The Influence of the Open Axial Clearance on the Gas Flow and Energy Losses in the Turbine Stage with a Shroud on Working Blades
| Authors: Molyakov V.D., Kunikeev B.A., Troitskiy N.I. | Published: 08.10.2018 |
| Published in issue: #9(702)/2018 | |
| Category: Energy and Electrical Engineering | Chapter: Turbomachines and Combination Turbine Plants | |
| Keywords: turbine stage, turbine flow passage, closed axial clearance, open axial clearance, peritricha, rotor blades bandage |
Advanced aviation and power high-temperature gas turbine engines require high-load gas turbines, whose geometric parameters have to be optimized in order to improve the efficiency of the turbines, and reduce their size and weight. One of these parameters is the open axial clearance in the turbine flow passage.

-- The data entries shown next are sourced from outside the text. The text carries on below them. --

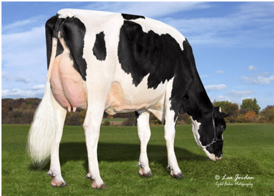
KINGS-RANSOM KD CARNIVAL DAM
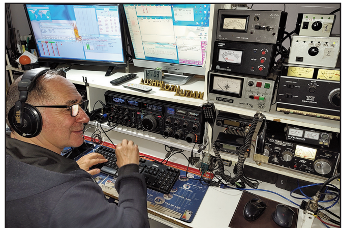
LO7H (LU1HLH) #1 Score From Argentina in the 15-Meter Single Band High Power Category
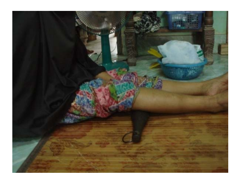
Figure 15. Hot compress with stone
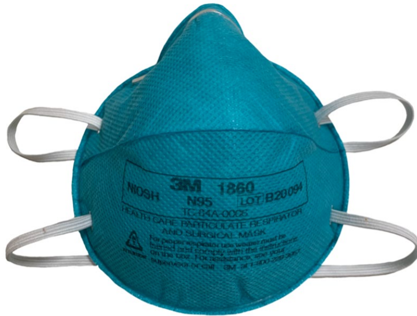
Figure 1: 3M™ (Saint Paul, Minnesota, USA) Health Care Particulate Respirator and Surgical Mask 1860, N95 120 EA/Case.

and related factors of COVID-19 infection in healthcare workers, it was found that 45 (29.80%) infected healthcare workers were male and 106 (70.20%) were female. 19 In European Union (EU) countries, a higher proportion of healthcare workers diagnosed with COVID-19 infection were female. 20
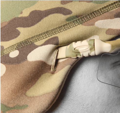
EYELETS FOR EYE PROTECTION
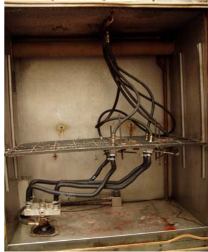
Figure 2. Test chamber and tube samples

Second ends of tube samples are mounted to a supporting grid of chamber and are connected to steel tubes which transfer liquid to an output cube. Secondary circuit is parallel connected to a closed circuit of liquid. The hydraulic system provides required pressure in tubes. The hydraulic system consists of primary and secondary circuits. A source of pressure is a hydraulic unit. The primary circuit consists of a proportional valve, main and auxiliary hydraulic cylinder. The pressure is set up by main hydraulic cylinder (piston) which compresses the liquid. Position of the piston and consequently value of the pressure are set up by the auxiliary cylinder (piston). The aim of control is manipulating of this auxiliary piston by speed of inflow and outflow of oil in the cylinder. This is performed by a proportional valve Rexroth 4WRA6 which is controlled by current signal.
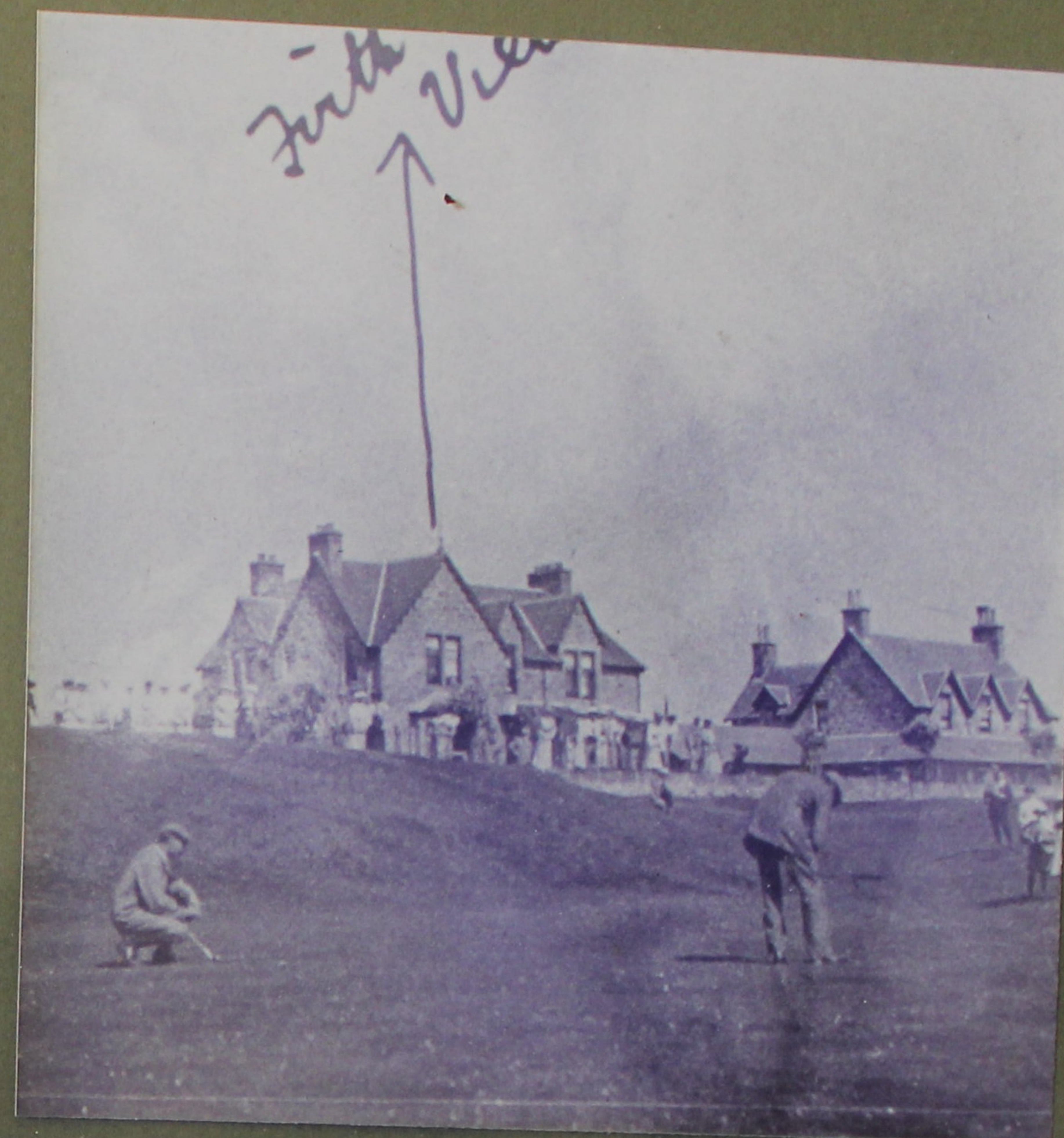
PUTTING 1 ST GREEN
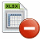
File XLSX Remove
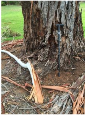
Sydney Blue Gum, shed twigs and branches.

This question came to mind as I crossed a densely wooded section of the parklands. I could not take a step without treading on fallen branches, branchlets and twigs - the accumulation of several years of branch shedding.
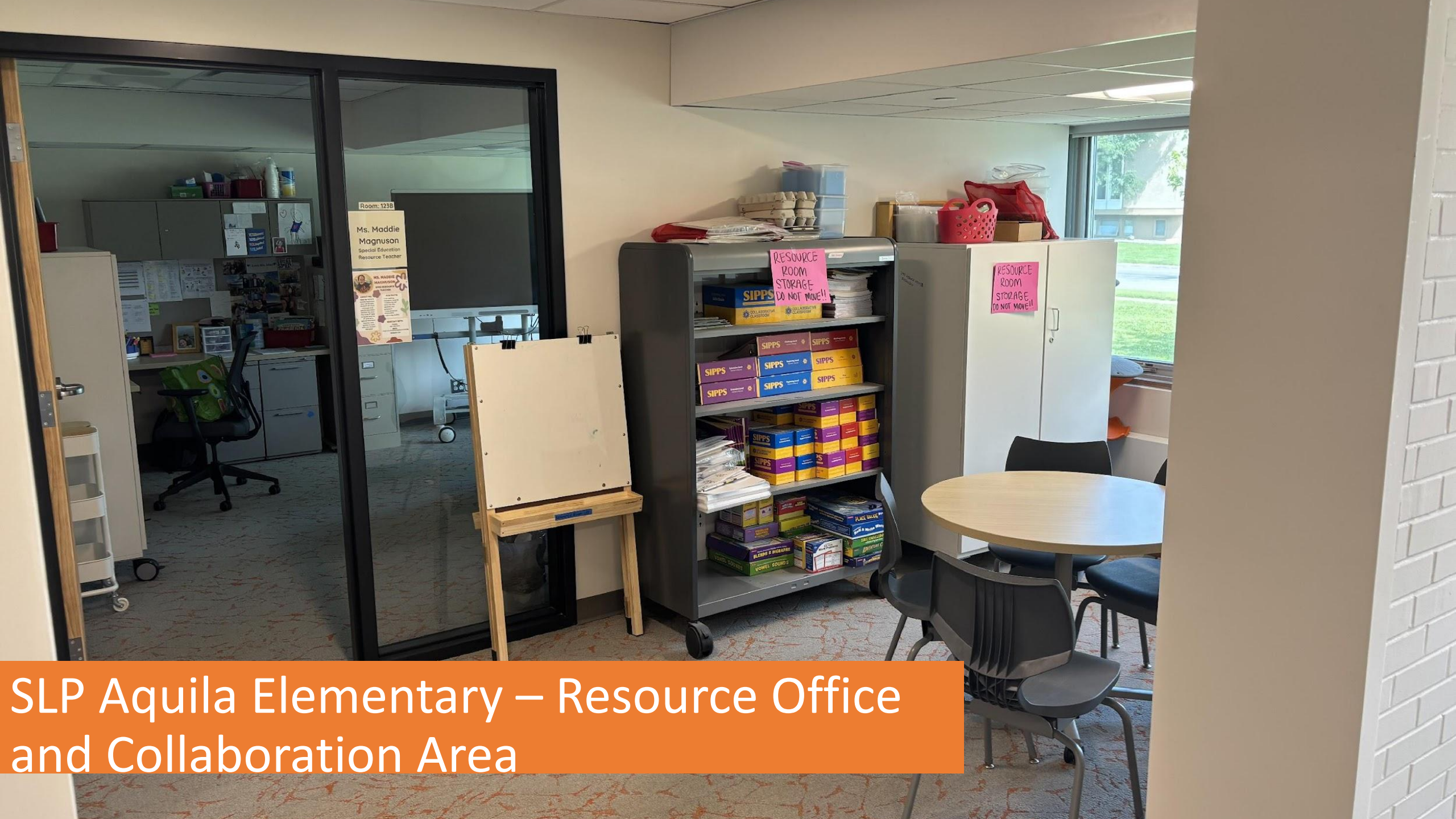
SLP Aquila Elementary – Resource Office and Collaboration Area

Traditionally, the choice of the axial clearance is associated with the equalization of the flow parameters in the gap between the grids due to the significant difference in pressure in the wake behind the outlet edges and the main flow, and the vibratory strength of the blades. To improve the efficiency of prospective engines in the 1960s and 1970s, V.V. Uvarov considered the possibility of burning fuel in the axial clearances of the flow passage of the turbine using a complex thermodynamic cycle. At present, interest in this issue has revived. This process requires establishing a relationship between the axial clearances and the zone of microflame combustion of the fuel. The influence of the increased open axial clearance on the efficiency of the shrouded stage of the gas turbine engine is studied. The turbine integral characteristics with variable rotational frequency of the turbine rotor and different values of the open axial clearance are determined. The analysis of the experiment results has shown that the efficiency of a turbine stage depends significantly on the open axial clearance when the boundary of the active jet falls under the impeller shroud, and shows a week dependence when the boundary of the jet falls directly into the open axial clearance.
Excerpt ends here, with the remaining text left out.